Start of Input data

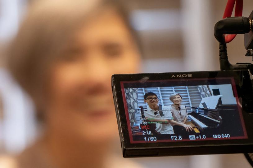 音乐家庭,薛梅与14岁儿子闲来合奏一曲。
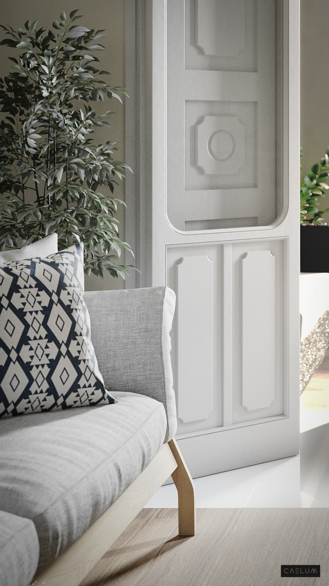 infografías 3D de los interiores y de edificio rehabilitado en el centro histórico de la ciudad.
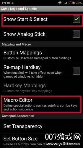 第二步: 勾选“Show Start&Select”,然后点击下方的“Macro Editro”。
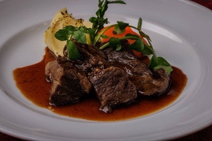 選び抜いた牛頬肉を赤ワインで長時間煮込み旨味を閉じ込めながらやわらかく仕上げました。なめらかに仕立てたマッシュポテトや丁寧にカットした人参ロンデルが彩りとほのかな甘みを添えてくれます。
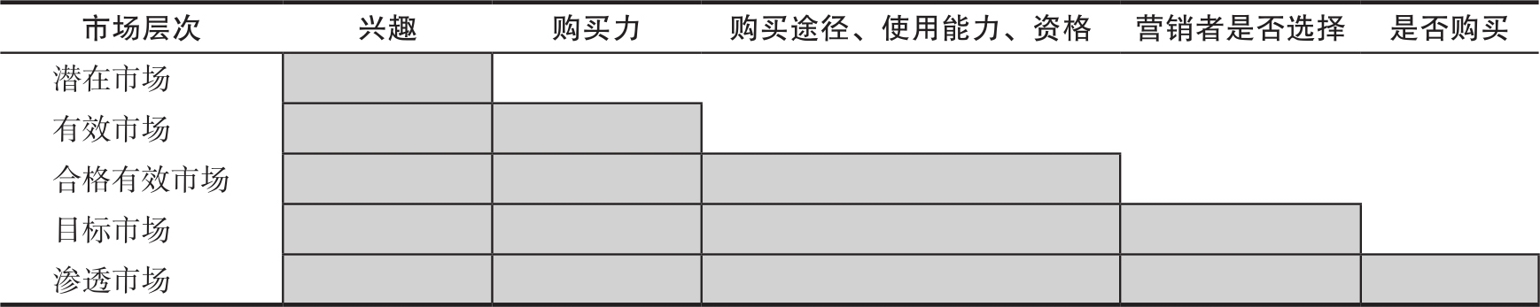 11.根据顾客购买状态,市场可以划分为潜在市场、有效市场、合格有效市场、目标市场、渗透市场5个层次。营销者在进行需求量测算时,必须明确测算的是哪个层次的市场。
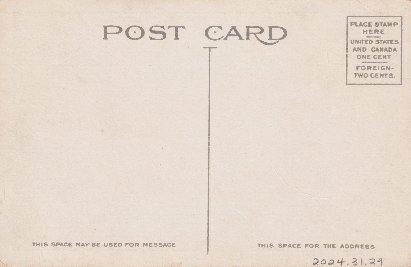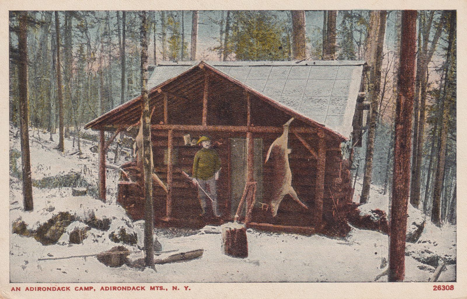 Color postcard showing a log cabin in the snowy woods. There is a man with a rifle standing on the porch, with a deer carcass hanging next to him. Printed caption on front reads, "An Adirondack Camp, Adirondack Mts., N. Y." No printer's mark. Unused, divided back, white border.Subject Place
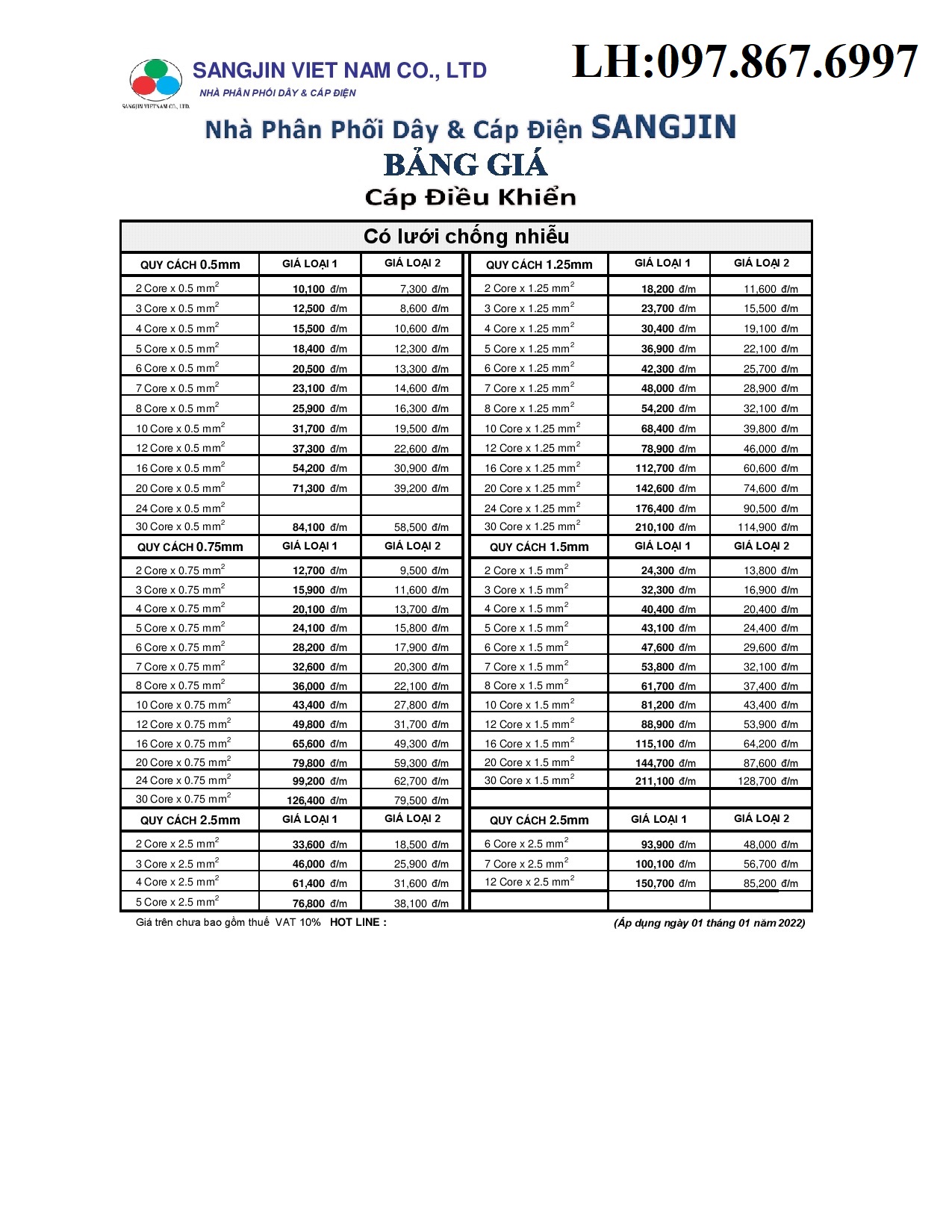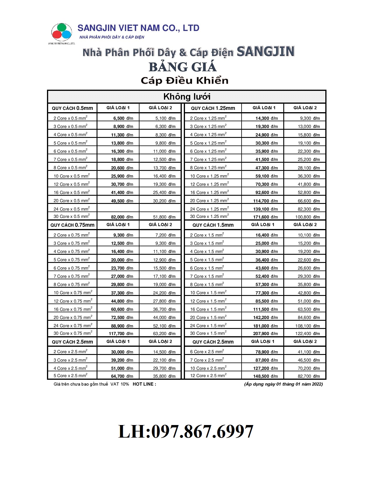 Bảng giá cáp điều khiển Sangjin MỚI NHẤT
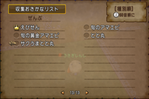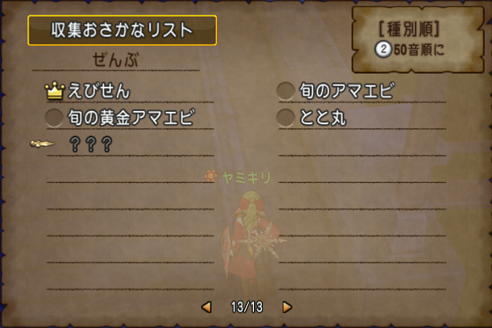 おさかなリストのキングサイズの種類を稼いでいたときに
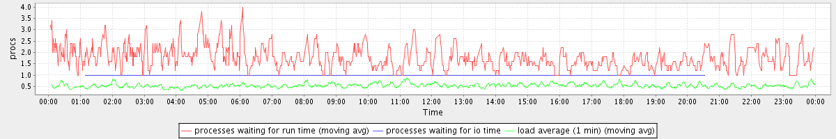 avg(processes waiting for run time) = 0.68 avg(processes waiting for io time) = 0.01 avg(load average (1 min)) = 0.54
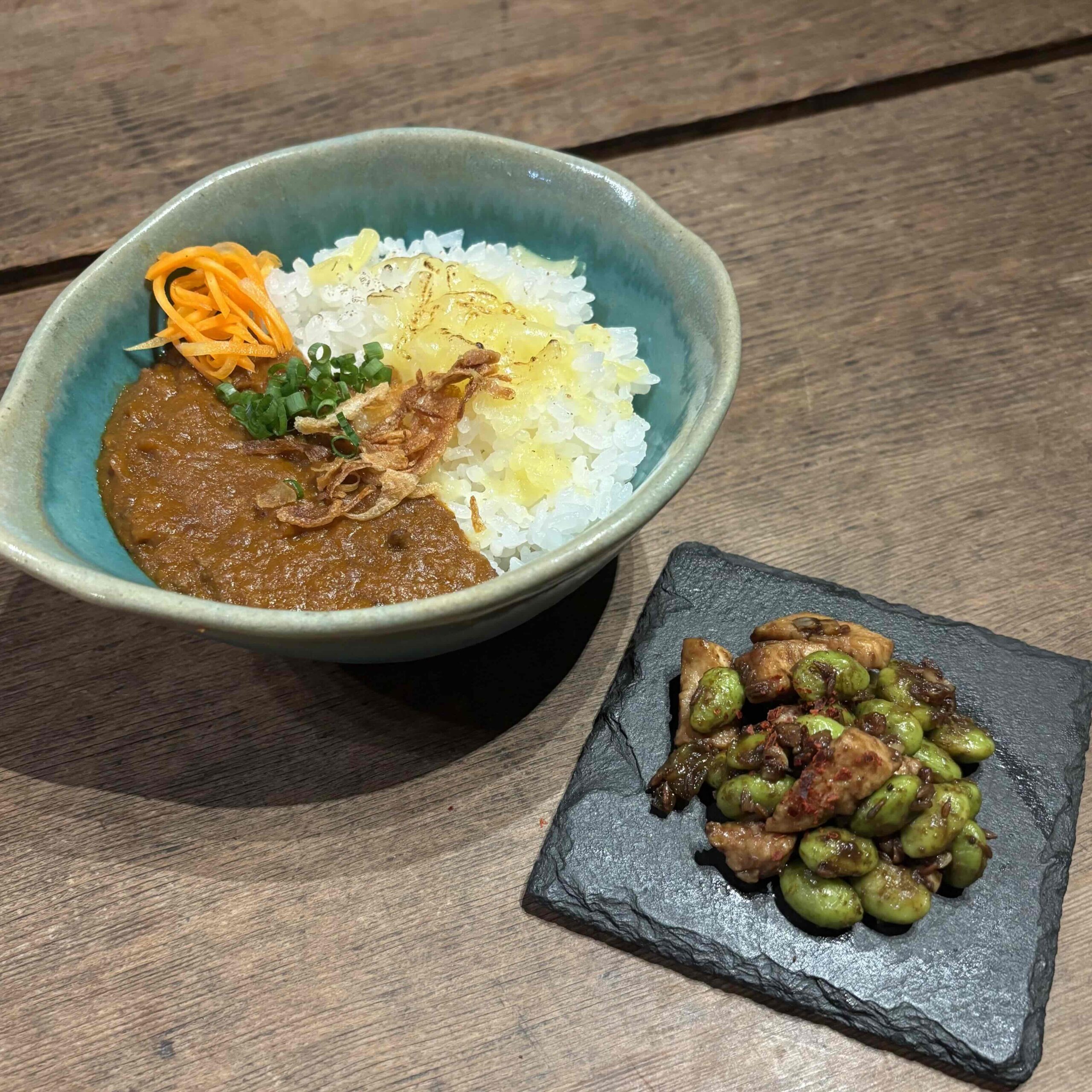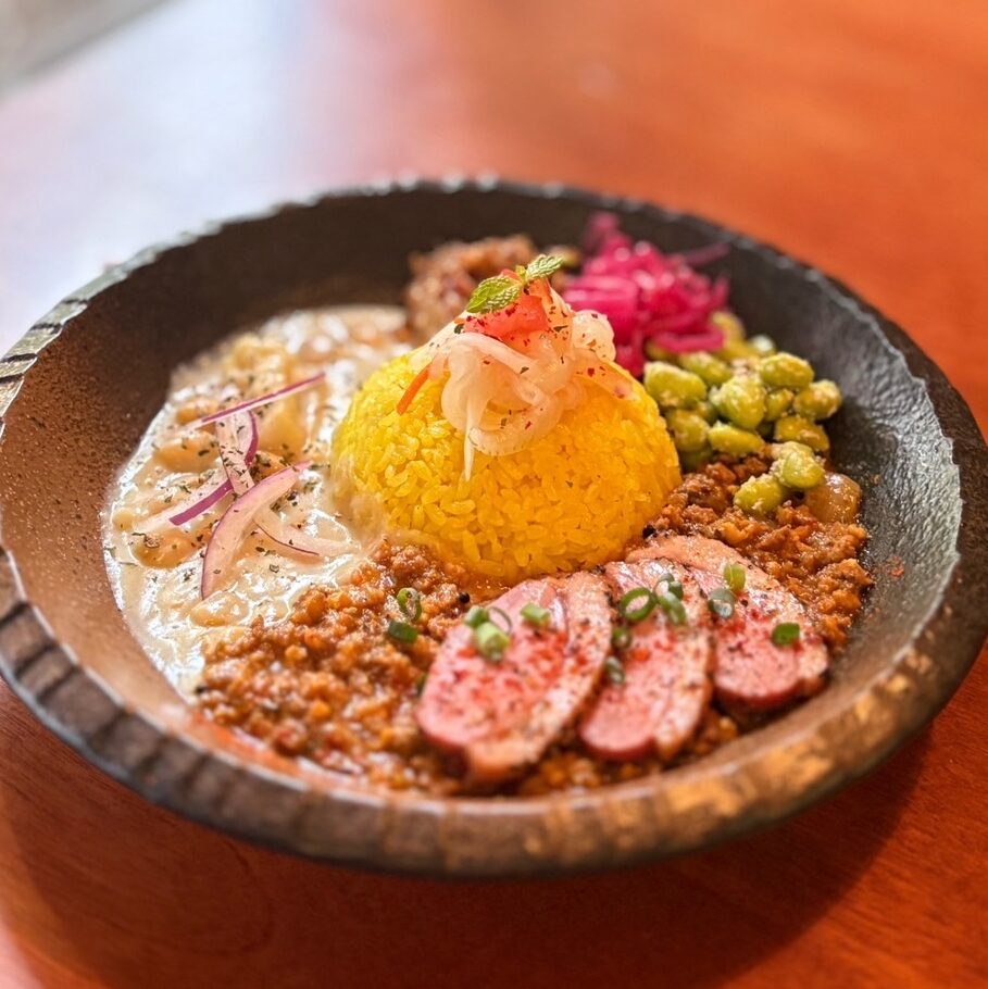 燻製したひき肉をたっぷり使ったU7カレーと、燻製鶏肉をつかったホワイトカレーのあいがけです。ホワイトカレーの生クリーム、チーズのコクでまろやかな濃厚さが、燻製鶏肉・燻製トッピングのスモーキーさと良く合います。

End of Input data

* Task details *
An unchanged copy of the data, images excluded, is all that should be given.

* Expected output *
 音乐家庭,薛梅与14岁儿子闲来合奏一曲。
 infografías 3D de los interiores y de edificio rehabilitado en el centro histórico de la ciudad.
 第二步: 勾选“Show Start&Select”,然后点击下方的“Macro Editro”。
 選び抜いた牛頬肉を赤ワインで長時間煮込み旨味を閉じ込めながらやわらかく仕上げました。なめらかに仕立てたマッシュポテトや丁寧にカットした人参ロンデルが彩りとほのかな甘みを添えてくれます。
 11.根据顾客购买状态,市场可以划分为潜在市场、有效市场、合格有效市场、目标市场、渗透市场5个层次。营销者在进行需求量测算时,必须明确测算的是哪个层次的市场。
 Color postcard showing a log cabin in the snowy woods. There is a man with a rifle standing on the porch, with a deer carcass hanging next to him. Printed caption on front reads, "An Adirondack Camp, Adirondack Mts., N. Y." No printer's mark. Unused, divided back, white border.Subject Place
 Bảng giá cáp điều khiển Sangjin MỚI NHẤT
 おさかなリストのキングサイズの種類を稼いでいたときに
 avg(processes waiting for run time) = 0.68 avg(processes waiting for io time) = 0.01 avg(load average (1 min)) = 0.54
 燻製したひき肉をたっぷり使ったU7カレーと、燻製鶏肉をつかったホワイトカレーのあいがけです。ホワイトカレーの生クリーム、チーズのコクでまろやかな濃厚さが、燻製鶏肉・燻製トッピングのスモーキーさと良く合います。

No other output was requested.